A new and somewhat unexpected advantage of a plastic-coated fuse compared to known fuses with sockets and also fuses with epoxy coatings is the remarkably improved short-circuit current behavior. As FIG. 3 shows, the behavior of a fuse coated with plastic is remarkably better than the comparable behavior of a fuse coated with epoxy. In the tests carried out, the results of which are given in FIG. 3, an epoxy-coated fuse and a plastic-coated fuse according to the present invention were subjected to a short-circuit current test in which a current of 50A flowed at 125V and a 0.97 power factor. Current and voltage for the fuse according to the invention are designated 22 and 24 , respectively. 32 and 34 denote current and voltage for a known fuse coated with epoxy material. The most important information that these curves give is the i ² t value from the time the fuse opens. The area below half the current curve corresponds to this value, starting from the point in time at which the short-circuit interruption takes place. In the experiments carried out, whose results are shown in Fig. 3 are ge, this value is 4.38 A ² s for the fuse according to the invention, for the known fuse, however, 9,53A ² s.

It is readily apparent that a plastic ge shaped fuse body a remarkably improved Short-circuit current behavior shows that the renewed liquid are the soldered connection during the spraying process Number of fuses to be rejected reduces that one increased structural strength can be achieved and that the fuse sealed against liquid and moisture is.

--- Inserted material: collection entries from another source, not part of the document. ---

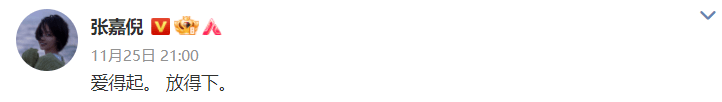 直到张嘉倪本人上线回应,“爱得起,放得下”,算是言简意赅承认了她和买超已经分开,但因为张嘉倪并没有过多解释,其他几位当事人也没有出来说话,导致网友现在还有点搞不清状况。
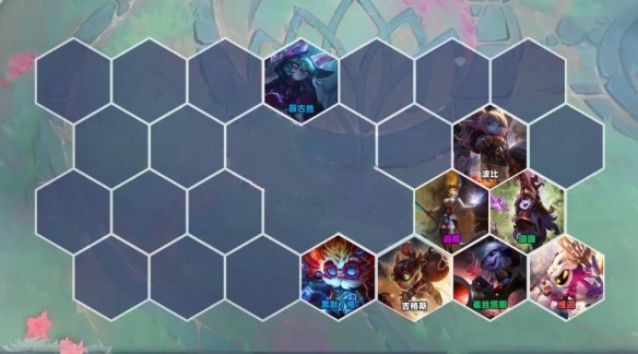 由于小法本身没有约德尔羁绊(他的羁绊是单独的约德尔大王),加上阵容要在5-6人口追所有约德尔人的三星,人口很紧张,没有人能先穿小法装备打工,所以我们到后期选秀再补小法装备。
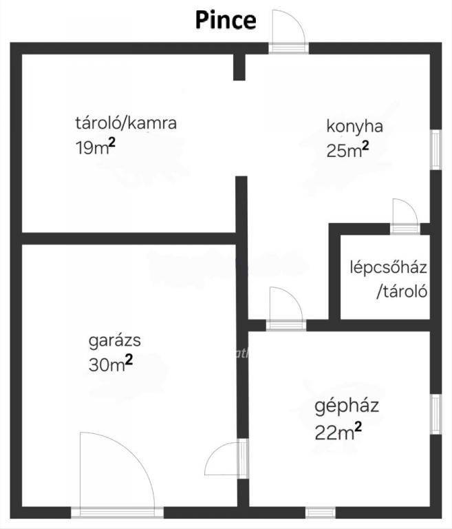 A pince részben található egy fűtött kis konyha, egy 30 m2-es garázs autóbejárattal, valamint egy tágas, 19 m2-es tárolóhelyiség.
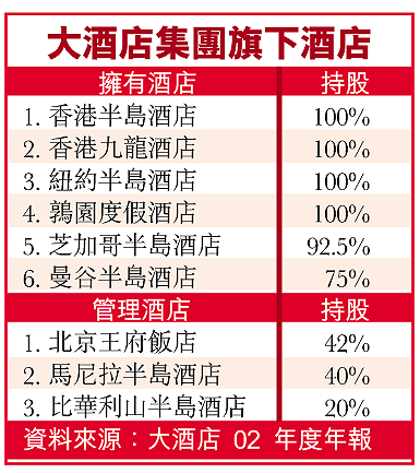 現時除了香港的半島酒店及九龍酒店外,大酒店分別於北京、曼谷、馬尼拉,及美國的紐約、芝加哥、比華利山及加州擁有酒店(見表)。此外,大酒店亦落實在東京丸之內商業區興建東京半島,預期可於07年營業,但具體投資額仍未公布。
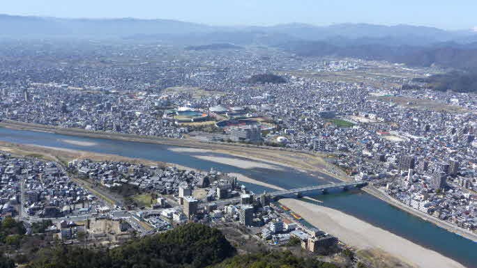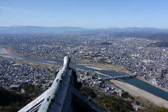 現在の城は、昭和31年に復興され模擬天守で鉄筋コンクリート造り、岐阜市のシンボルとなっている。城の上からは素晴らしい展望が楽しめ、眼下に岐阜市街が、遠くに能郷白山、北アルプス、乗鞍岳、御嶽山が望めた。御嶽山、能郷白山などまだ真っ白な雪を頂いた勇姿が望めた。
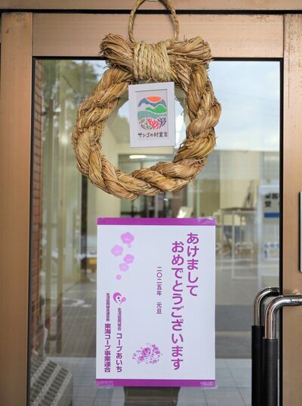 コープあいちの正面玄関には、沖縄県恩納村からいただいた地元農家の方の手作りの「サンゴの村バイオスリース」を飾っています。
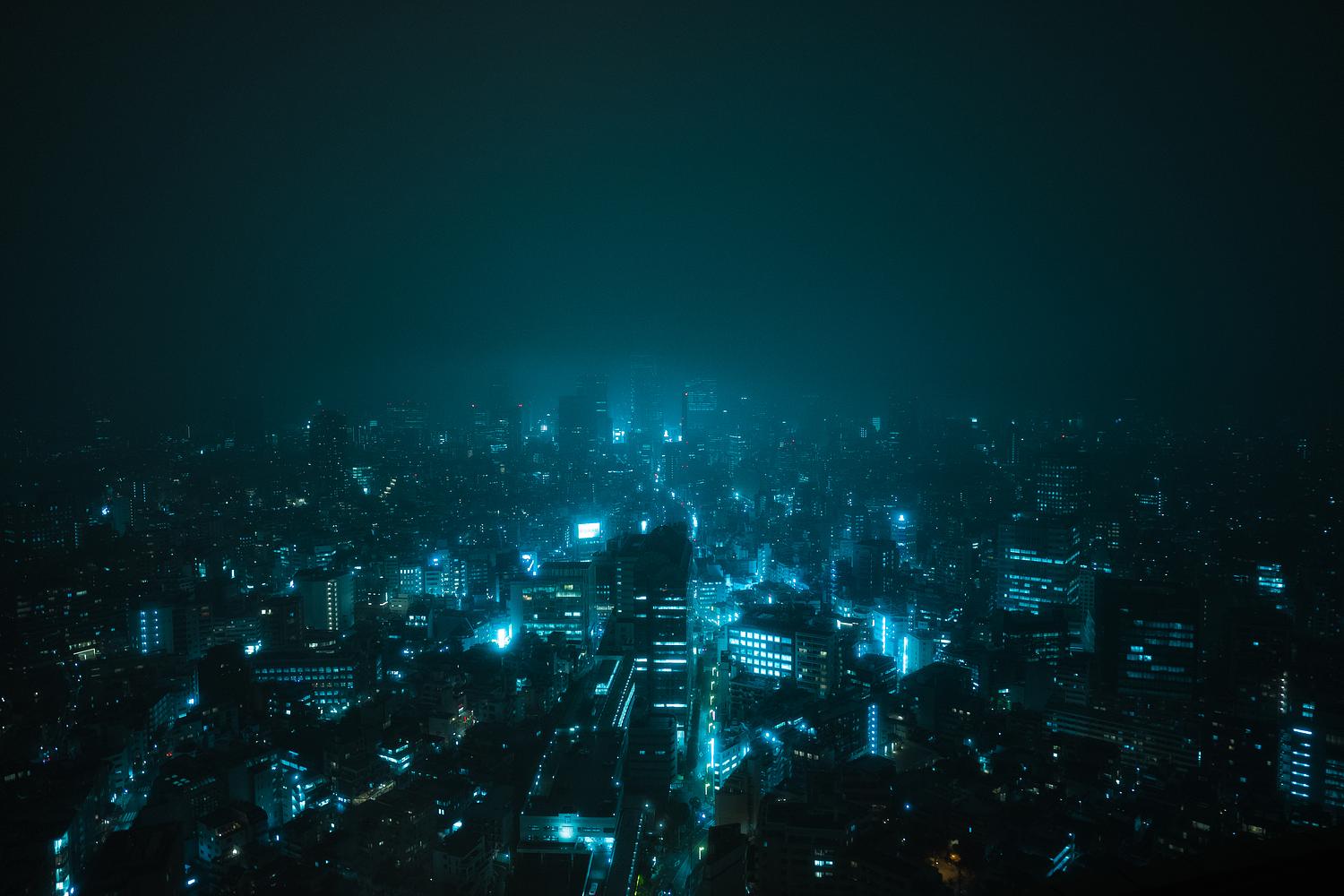 A rainy day in Tokyo seen from a skyscraper in Ebisu.

It should be noted that instead of plastic materials also other high temperature resistant materials can be used by using the solder bonds are melted again and a mechanical Strength and stability is created, and not only for staff protection but also for other types of Fuses.

Claims (4)

1. Fuse with improved short-circuit current behavior, characterized in that a plastic coating encloses the inner parts of the fuse. 2. Fuse, showing
an insulating housing open at opposite ends in the form of a cylindrical socket;
a fusible element housed in the housing;
a pair of end caps, which each terminate the ends of the socket, fix the ends of the melting element and establish an electrical connection to them, each cap being cup-shaped around a cylindrical recess and the one end of the socket being designed to receive and having an outer conductor, which is attached to the cap, protrudes from there to the outside and makes an electrical connection to the melting element; each cap containing a certain amount of solder which is melted to make electrical contact between the end caps and the ends of the fuse element, the fuse element also extending diagonally along the length of the housing or sleeve and a portion at each end has, which extends beyond the open end of the socket, is covered over part of the outer circumference of the socket and comes to lie between the socket ends and the cap ends;
and an adherent, insulating, high-temperature-resistant coating layer which surrounds the outside of the socket, the end caps and the conductors and covers, seals and firmly connects the socket, the two end caps and part of the conductors in the vicinity of the end caps. 3. Fuse according to claim 2, characterized in that the high temperature resistant coating layer made of art fabric exists. 4. Process for producing a rod-shaped elec trical fuse, characterized in that the fuse through an injection molding process with a uniform or uniform plastic body is encapsulated and the Solder connections are liquefied again.